A lot has changed since I wrote my last letter to all of you this past summer.

Some of that change has been personal. In October, I was officially sworn in as the ninth president of UVA, which also happened to be the first time my birth family met my adoptive family. There’s a longer story there, but suffice it to say it was a meaningful day for many reasons. And after celebrating a birthday, I have also gone from a youthful 51 to a grizzled 52—a fact I am reminded of living in a Pavilion on the Lawn, surrounded by students.

More broadly, and more seriously, the past few months have also been important ones for the University, with milestones that speak to both our past and our future.

In August, for example, the President’s Commission on Slavery released its final report examining the role and treatment of slaves who built and sustained the University. In October, professor Jonathan Kipnis received the prestigious Director’s Pioneer Award from the National Institutes of Health for his work connecting the brain and immune system. And by the time you read this, we will be halfway through the academic year, with a first-year class that is the most diverse in UVA history.

It’s a fitting set of accomplishments as we look back at two centuries of UVA history and begin to think about our third.

In my inaugural address, I talked about how UVA is, in a sense, Mr. Jefferson’s university. But it is also—even more so—our university. And it is our responsibility to preserve what is best about this place and to shape its future with boldness and creativity.

To that end, I’ve spent the past year since my selection as president listening to as many people as I can about their hopes for the future of UVA, both in person and through a website titled “Ours to Shape,” which invited members of our community to share their ideas online.

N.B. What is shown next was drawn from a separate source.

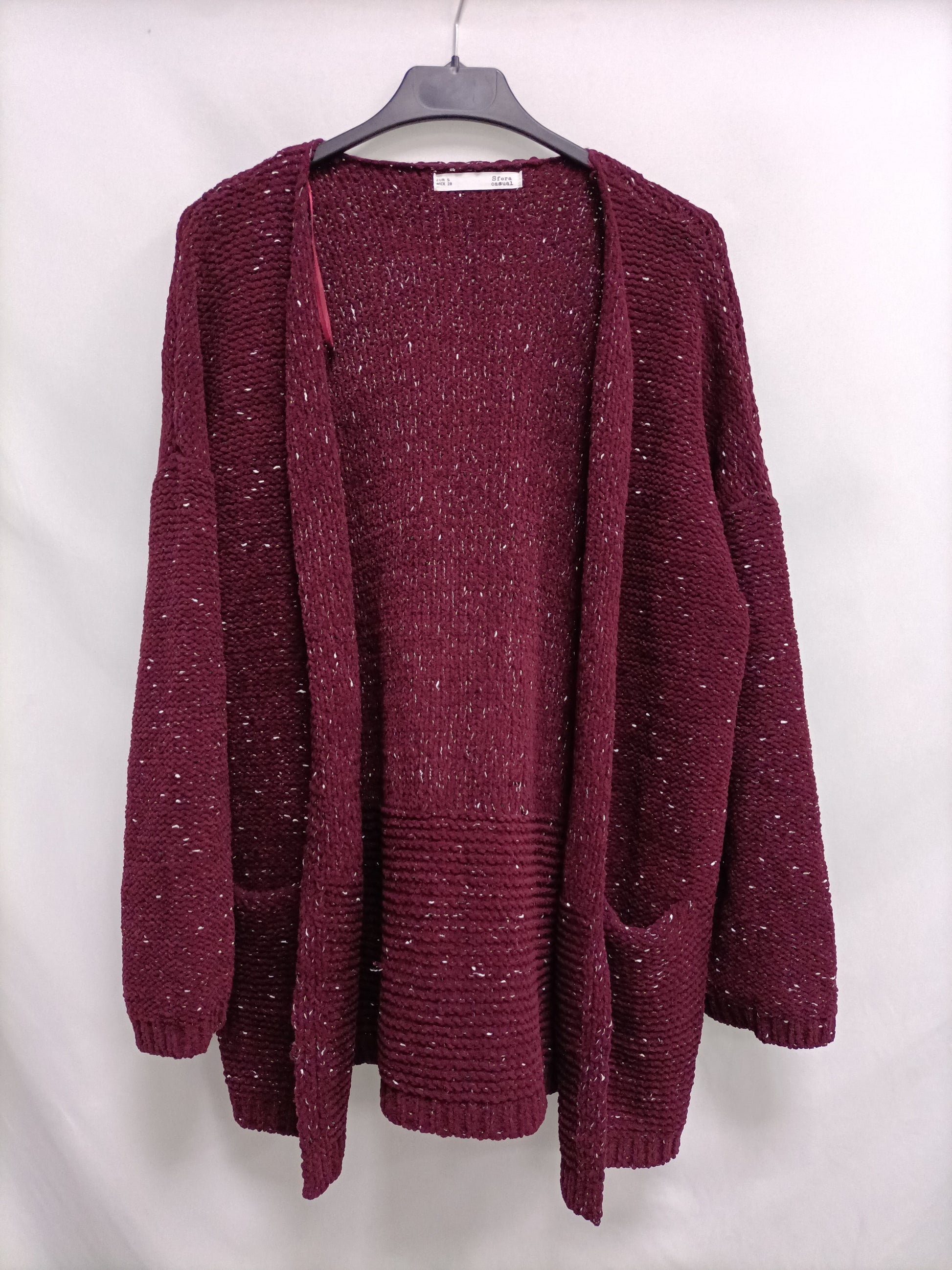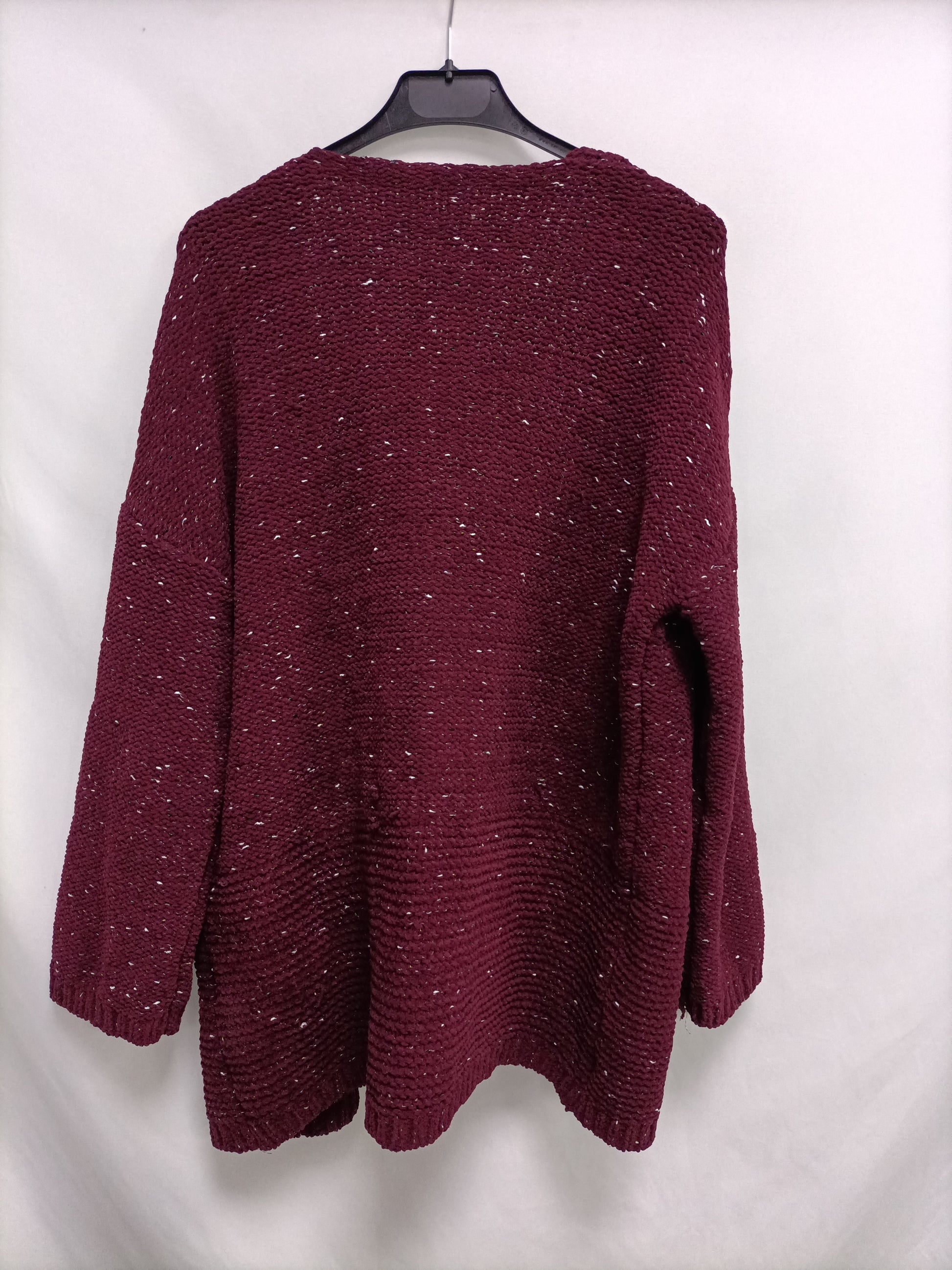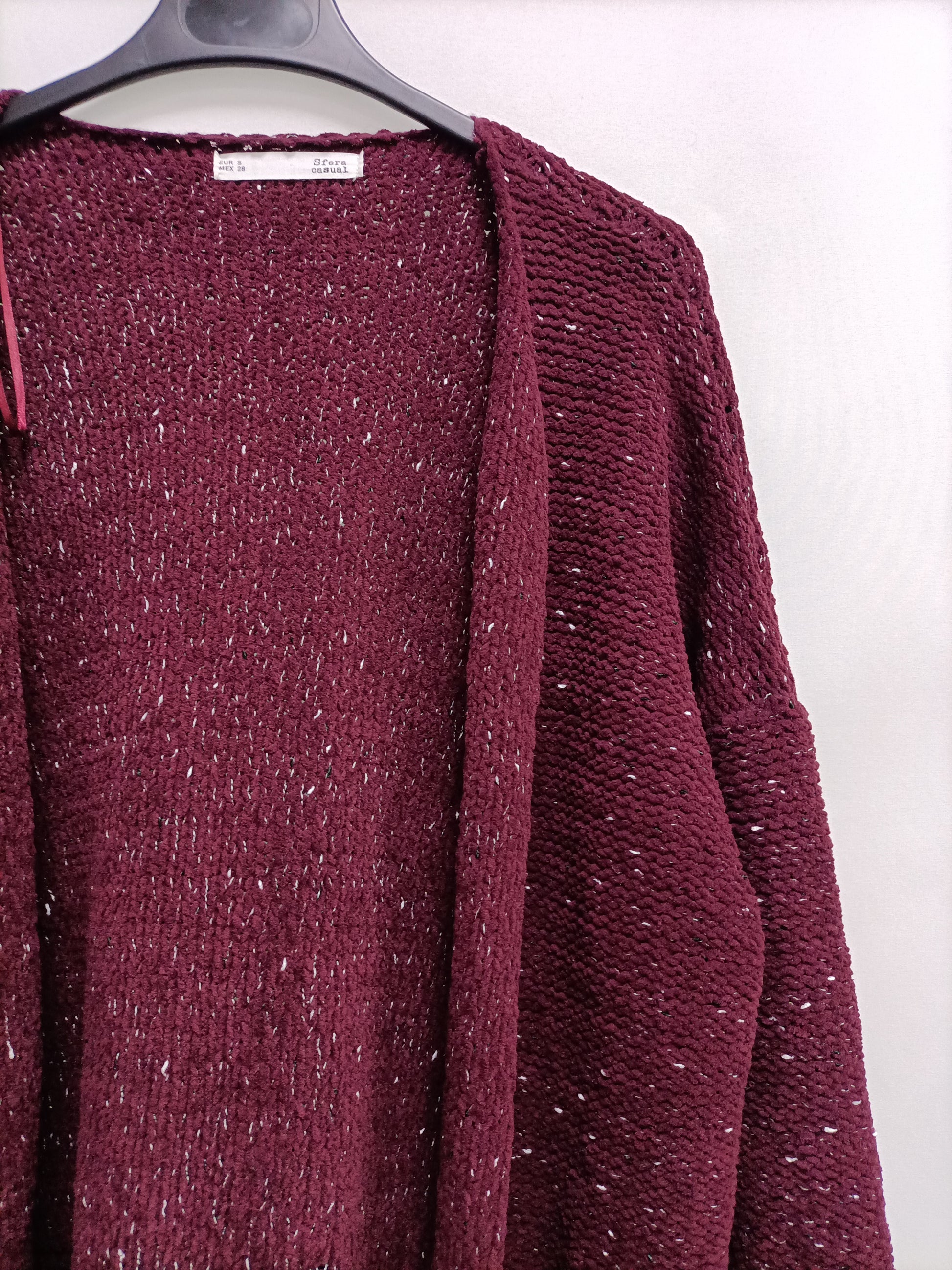 cárdigan burdeos y blanco jaspeado. largo 64 cm

Your answers to these questions have left me bursting with ideas and great optimism about what lies ahead.

These conversations have largely converged around three broad themes—community, discovery and service—that I believe form the core of who we are and hold the key to our future. And that future depends on our ability to answer some basic questions related to those themes: What kind of community would we like to be? How can we best promote the discovery of new knowledge, whether in the lab or the classroom? How can we best serve the Commonwealth and beyond, and how can we best prepare our students for a life of service, regardless of their chosen careers?

Your answers to these questions have left me bursting with ideas and great optimism about what lies ahead. And while I don’t yet know exactly what the future will look like, I am beginning to see an outline of it, which rests on what I have learned from all of you.

I see, for example, a university that not only states its values but lives them, that is as vibrant as it is diverse, and that is known as one of the best, if not the best, for first-generation and low-income students. I see a faculty committed to the highest standards of teaching and research, and able to work across traditional boundaries to tackle our most pressing challenges. I see a university that is a strong partner and good neighbor with the surrounding communities, bound by a sense of fair treatment of all, including our lowest-paid workers. And I see a community of alumni whose connection with this place begins during their time on Grounds but continues to blossom over time.

More generally, I see a university that, in 2030, is considered not just Virginia’s flagship university, but the nation’s. And whether you see exactly the same picture, or only parts of it, I hope you share my faith in the future and my commitment to making this University what we know it can be. Because if we are able to realize all or part of the vision I have sketched, we will be an even stronger university than we are today.

The future truly is ours to shape, and we can only do it together. Let’s get to work.